# Selling Property & Visa Implication



## conklinwh (Dec 19, 2009)

I know that I'm going back two generations and that new visas are temporary resident and permanent resident but at New Year Eve party person had just sold her house and she was told by lawyer that no capital gains since "FM2" but she would have had if "FM3".
I thought that with "FM3" that you received a capital gains waiver after 5 years of residence.
Is this not true? Will we need go for Permanent resident if we want to sell property to have no capital gains even though over 5 years?


----------



## circle110 (Jul 20, 2009)

It apparently depends greatly on the notario. I asked my notario here in Guanajuato and he said that I would have to pay a tax of 20% (OF SALE PRICE! - not just capital gains) no matter what visa status I had and no matter how long I had held the property. He told me that there was no way for me to avoid it. Fortunately, he told me that I can gift the property to my wife (a Mexican citizen) and we can sell it in her name and thus avoid the tax.

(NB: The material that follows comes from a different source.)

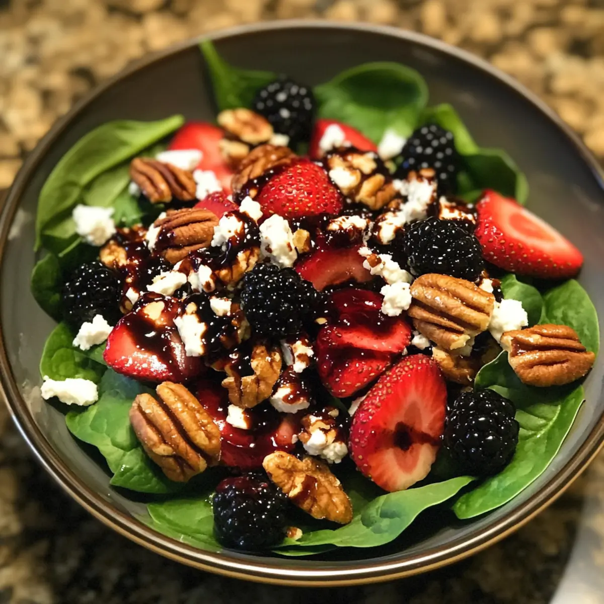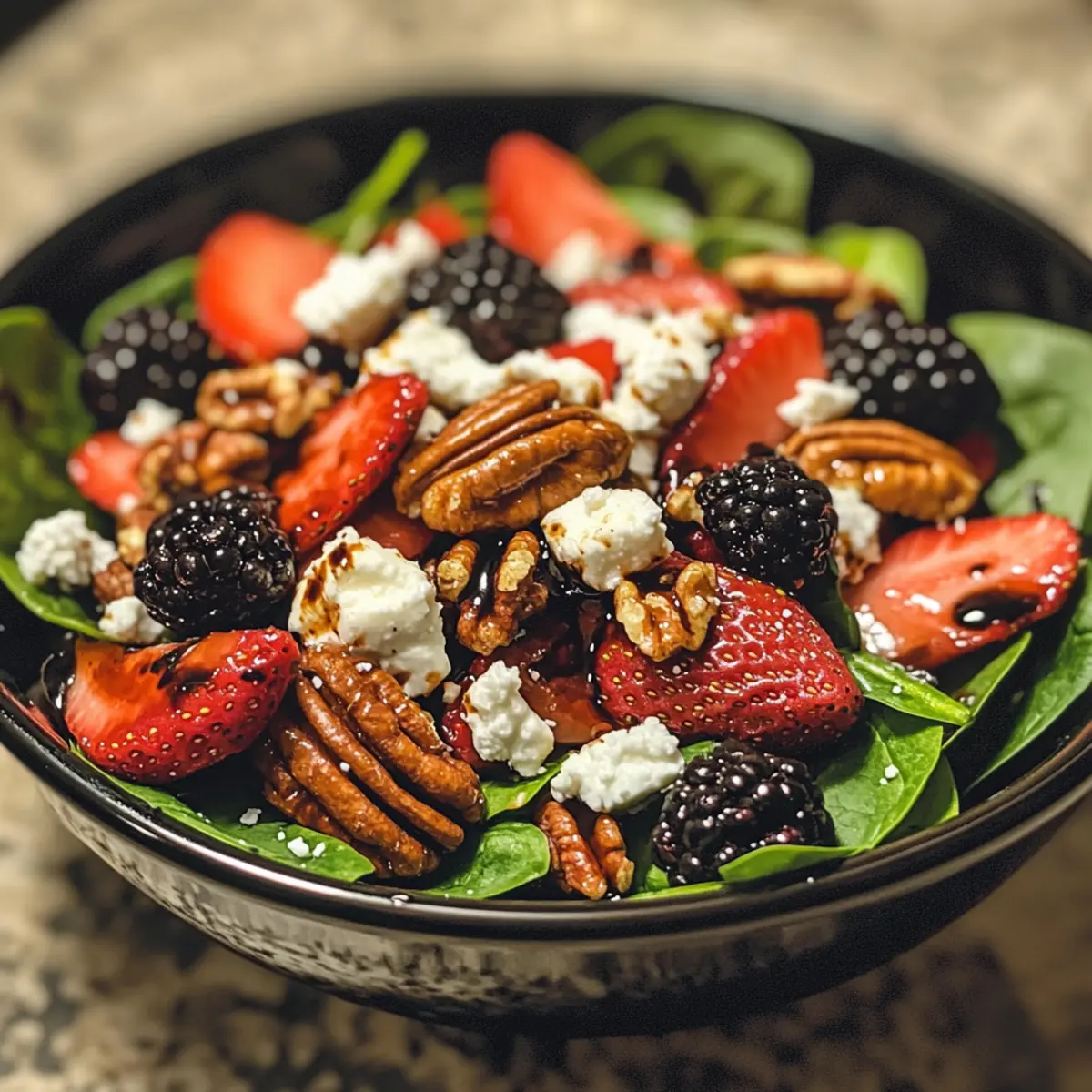 Berry Spinach Salad with Pecans, Feta, and Balsamic Bliss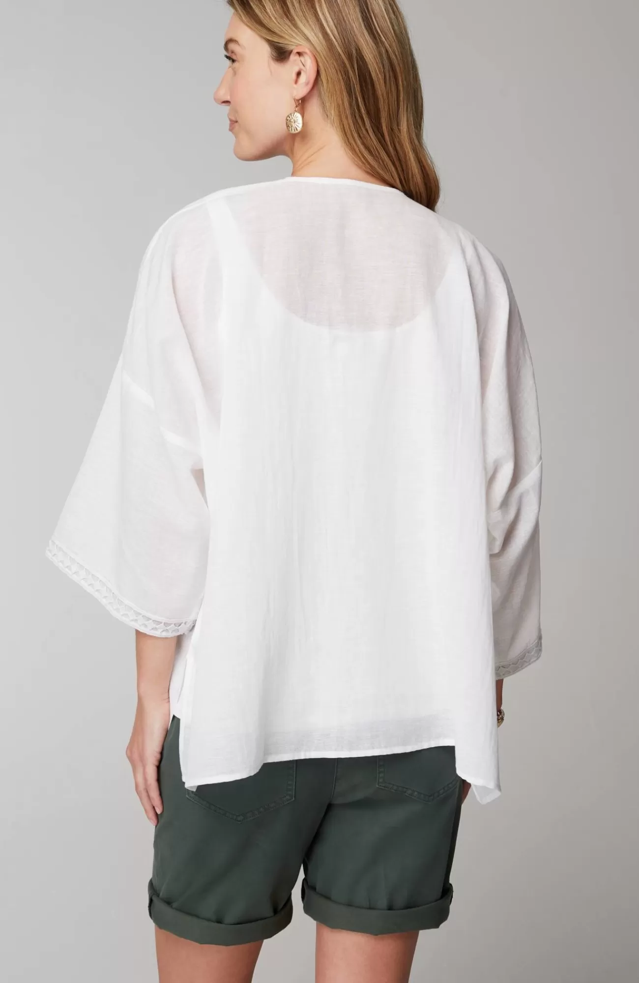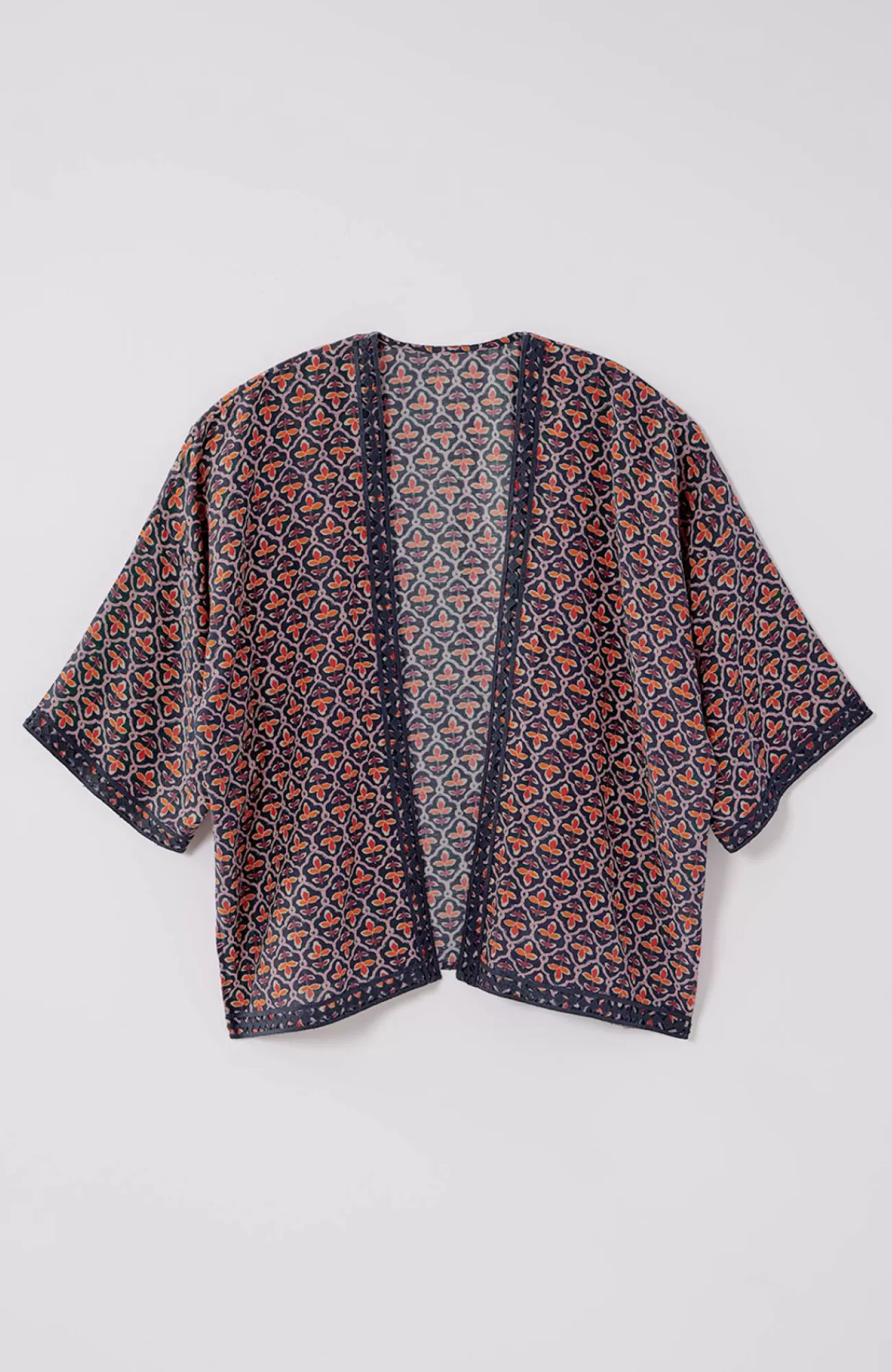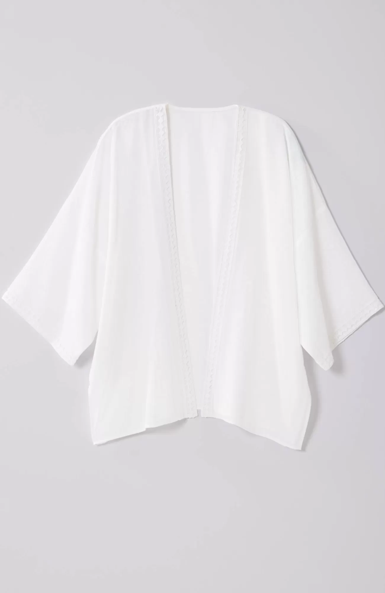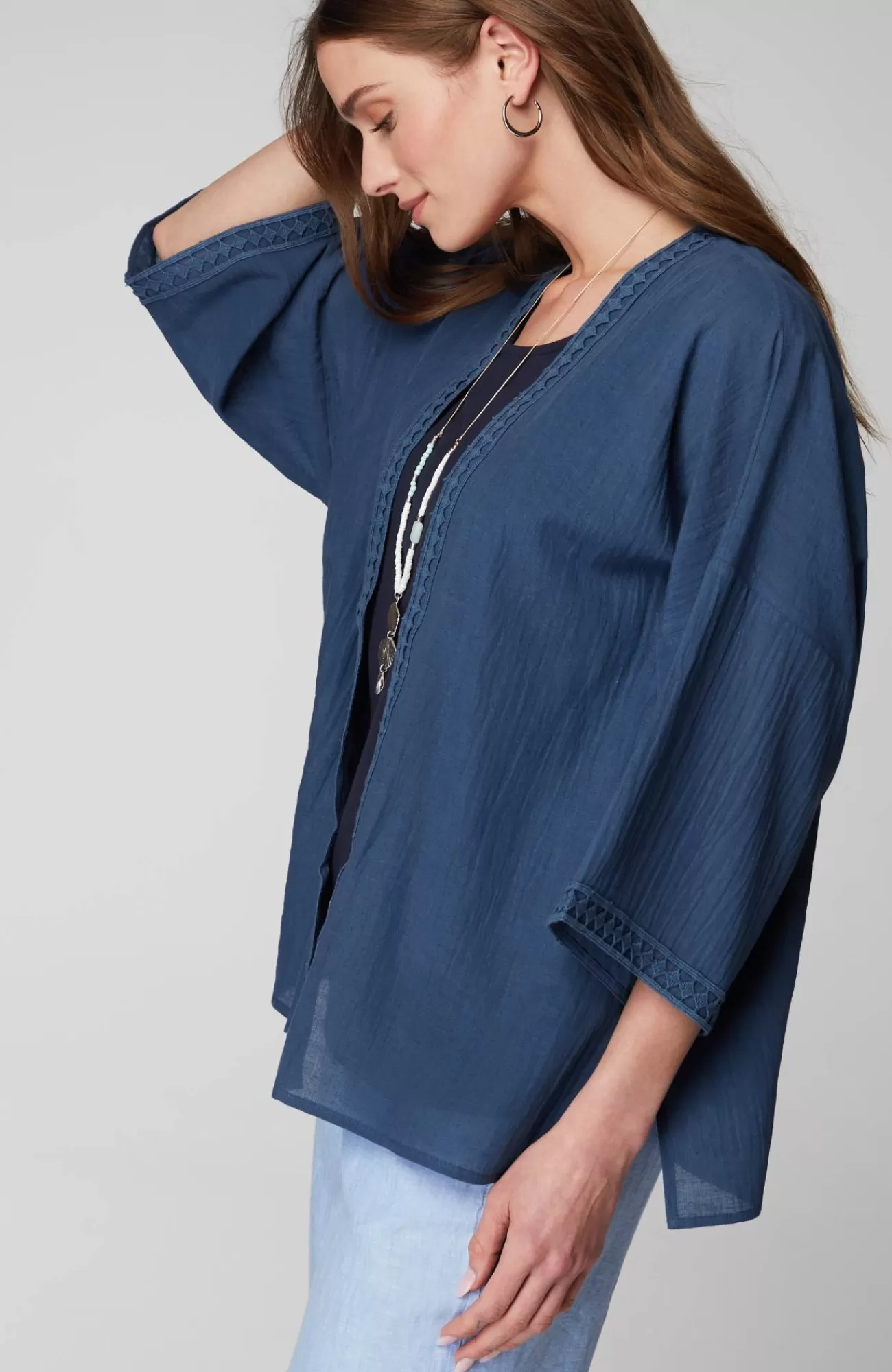 The lightest layer in your closet—this open-front jacket feels like a breeze, whether you're headed to the beach,the office or a summer celebration. We love how the border trim at the center and sleeves adds just-right detail.

I don't know if my notario is "right" or not but since it is the legal obligation of the notario to collect all taxes on a real estate transaction he/she has a lot of control in calculating the proper taxes since it is their financial tush on the line of it is not done correctly. As I understand it, if the notario doesn't collect a required tax they must pay it themselves.


----------



## conklinwh (Dec 19, 2009)

We just had friend close her property with no capital gain tax. She has "FM2"/inmigrante visa.


----------



## circle110 (Jul 20, 2009)

conklinwh said:


> We just had friend close her property with no capital gain tax. She has "FM2"/inmigrante visa.


Interesting. 
My regular notario won't do it with any visa nor after any time period of possession. Since we have an alternative with the gifting to my wife (and we are not looking to sell in the near future anyway) I haven't looked into what other notarios here in Guanajuato would do in the same circumstances.


----------



## RVGRINGO (May 16, 2007)

Actually, the buyer has the right to choose the notario, so it may be even further out of your control.
Inmigrante or Residente permanente should be exempt, but everything is in flux and nobody has the answers. SNAFU combined with corruption fills many pockets.


----------



## conklinwh (Dec 19, 2009)

Even a little more confusing as I just talked to person that we use to assist with visas as ours are coming up for renewal. I told her that we had a a US plated car with our no immigrant visas so we needed to be careful.
She said that there is a lot of confusion about this and that the US Consulate extension in SMA has a number to call in Queretaro which I gather is Aduana.
My goal if at all possible is to have my wife try get a permanent visa to help with capital gains as the house is in her name and for me to get a temporary visa as the US plated car permiso is in my name.

We'll see!


----------